A director will have difficulty in making a claim against the company for a default for which he or she, as a director or employee was responsible. Nevertheless, such claims do succeed from time to time.
For maximum operational convenience, make sure your job description is broad and not specific, and that it covers the main areas of future expansion as well as today's business.
It is not unreasonable that you should opt out of the Working Time Regulations.
It is a good idea to negotiate a pension arrangement specific to you or the whole board. If it is separate from any other general scheme, it gives more flexibility for change. It may be most advantageous to use a self-invested pension plan (SIPP) where you have control personally over the assets of your fund. Take care to stay on the right side of the tax law, as it is both complicated and inflexible.
A company car is not the perk it used to be since the amount charged back to you against tax gives you a tax bill, which effectively eliminates the benefit as against buying the car personally. Consider instead negotiating for the value of the car to which you are entitled, while the running expenses are still paid by the company, then buying something similar yourself. If your choice costs less, you have a financial advantage.

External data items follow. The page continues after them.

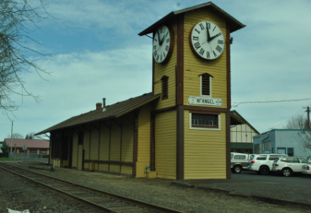 The Southern Pacific station in Woodburn is now at St. Lukes School and is used as their Teen Center. We returned to Bob and Chris and after getting the time for the tow and contacting Les Schwab Tire Center, Bob sent Elizabeth off with Chris and I and we headed to our next stop at Mt. Angel.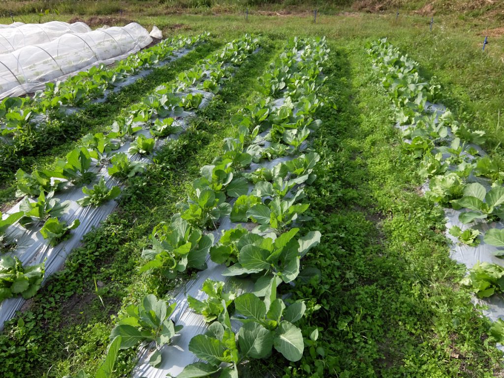 畝でレタスとキャベツを混作して、畝間に白くローバーをはやしておくと、虫害が減って、虫除けネットなしでも出荷できる良品率が80%近くになるという、説(科学論文あり)を信じて、シンダンで試みているのはご存じの通り。本日その景色が出現しました。無事、仮説通りに行きますように。早速、アブラムシがついていたレタスを発見したのは愛嬌か!? 明日、薬かけます(もちろん有機JAS認定の)。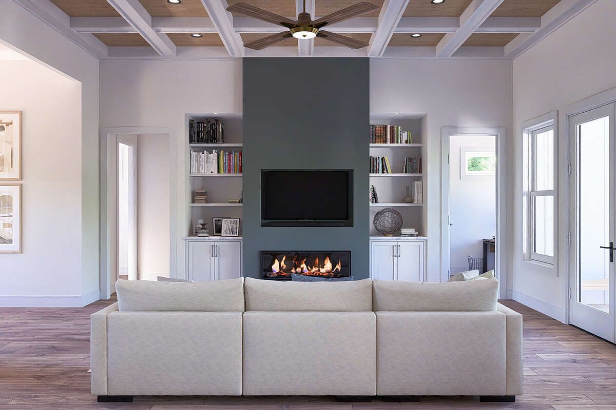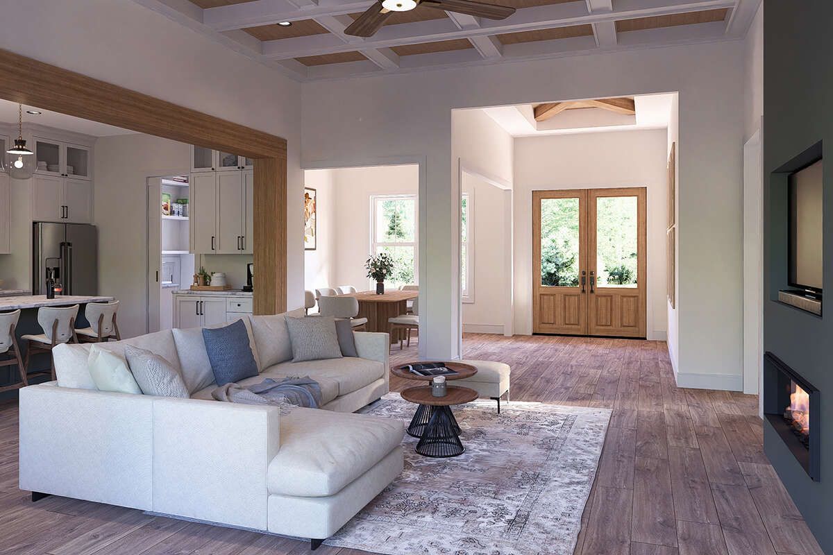 The vaulted great room defines the home’s heart. A fireplace or built-in feature creates a focal point, and large windows draw light deep into the space. 13 Open adjacency to dining and access to a rear porch give indoor-outdoor flow. 14

Clearly, the managing director of a company is the best placed person to set up new competition. Strong covenants against competition are therefore normal. Because English and Welsh law interprets such a clause against the company, it has to be drawn in a way that may at first appear to duplicate the intention. Subject to that, do make sure it is acceptable to you, in every aspect of its effect.
There has been a massive increase in claims against directors in all manner of areas as their responsibilities increase in number. Even when such claims fail or simply fizzle out, there is an enormous cost in legal fees. Insurance against such claims is therefore essential for directors who do not also control their company as shareholders. There are many policies available.